─── RECORDS FOR THE EXERCISE

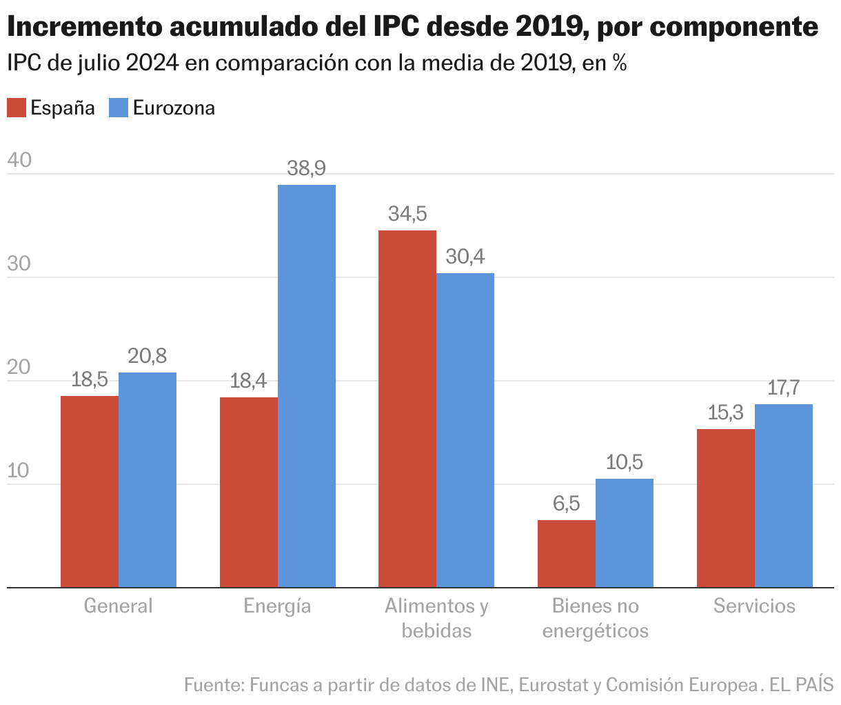 La preocupación procede ahora de los servicios: en estos sectores, la inflación está siendo más resiliente, situándose en torno al 3,5% en España e incluso acelerándose por encima del 4% en el conjunto de la eurozona. El impulso no proviene de los costes de producción o del shock energético, sino de la pujanza de la demanda, exacerbada por la falta de competencia que caracteriza estos sectores en comparación con la presión feroz a la que se ve sometida la industria manufacturera en los mercados internacionales. Desde 2019, el IPC de servicios acumula un incremento cercano al 18%, un ritmo que casi triplica la inflación de los bienes industriales no energéticos, siendo además estos últimos los más perjudicados por la crisis energética y de suministros.
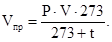 Ш.5.1 При переводе гидроагрегата в режим СК сжатый воздух из пневмосистемы в основном расходуется на заполнение камеры рабочего колеса и потери в нижний бьеф. Для определения расхода воздуха используется формула приведенных объемов, т.е. объем воздуха, содержащийся в емкости V (м3), при давлении Р (МПа) и температуре t (°С) приводится к объему при атмосферном давлении и температуре 0 °С:
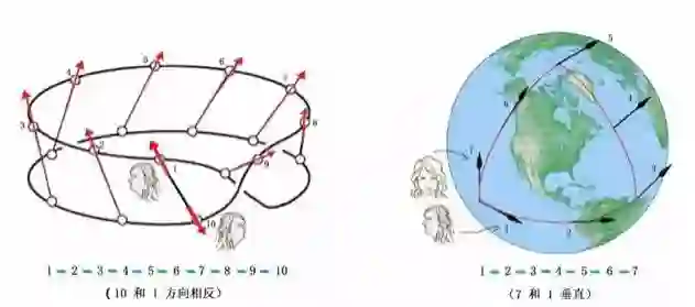 假如将女孩面对的方向用一个箭头(矢量)来表示。图4a所示的是一个矢量在莫比乌斯带上的平行移动,当矢量从位置1出发,沿着数字1、2、3……一直移动到10,也就是回到原来的出发位置时,得到的矢量和原来的反向。图4b中所示是球面上的平行移动,当矢量从位置1出发,沿着数字1、2、3……一直移动到7,也就是回到原来的出发位置时,得到的矢量和原来的矢量垂直。
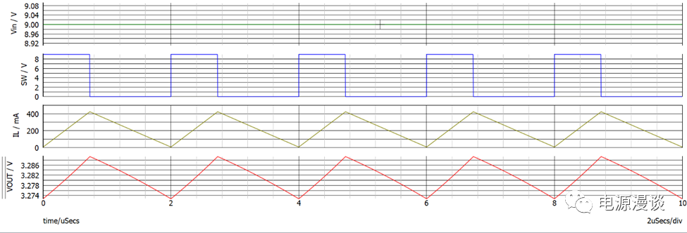 在穩(wěn)定狀態(tài)時(shí),一個(gè)開(kāi)關(guān)周期內(nèi),電感電流的增加量和電感電流的減小量是一定相等的,不然就無(wú)法進(jìn)入穩(wěn)定狀態(tài),這個(gè)電流在一個(gè)周期內(nèi)的變化也稱(chēng)為紋波電流。
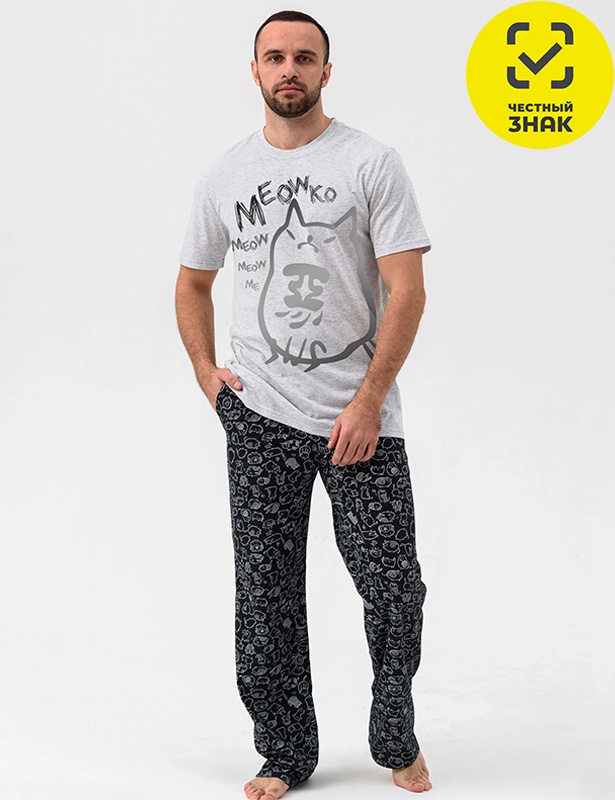 Производитель: ТМ Оптима Трикотаж Артикул: 2167-К Пижама мужская "Чёрный кот" (серый) Пол: МУЖСКОЙ Полотно: кулирная гладь Состав: 60% хб, 40% пэ Возраст: взросл

──────

### TASK ITEM
Only the lines from the one containing "在穩(wěn)定狀態(tài" through the last line of the records above should be repeated, exactly and without pictures.

### OUTPUT OF THE EXERCISE
 在穩(wěn)定狀態(tài)時(shí),一個(gè)開(kāi)關(guān)周期內(nèi),電感電流的增加量和電感電流的減小量是一定相等的,不然就無(wú)法進(jìn)入穩(wěn)定狀態(tài),這個(gè)電流在一個(gè)周期內(nèi)的變化也稱(chēng)為紋波電流。
 Производитель: ТМ Оптима Трикотаж Артикул: 2167-К Пижама мужская "Чёрный кот" (серый) Пол: МУЖСКОЙ Полотно: кулирная гладь Состав: 60% хб, 40% пэ Возраст: взросл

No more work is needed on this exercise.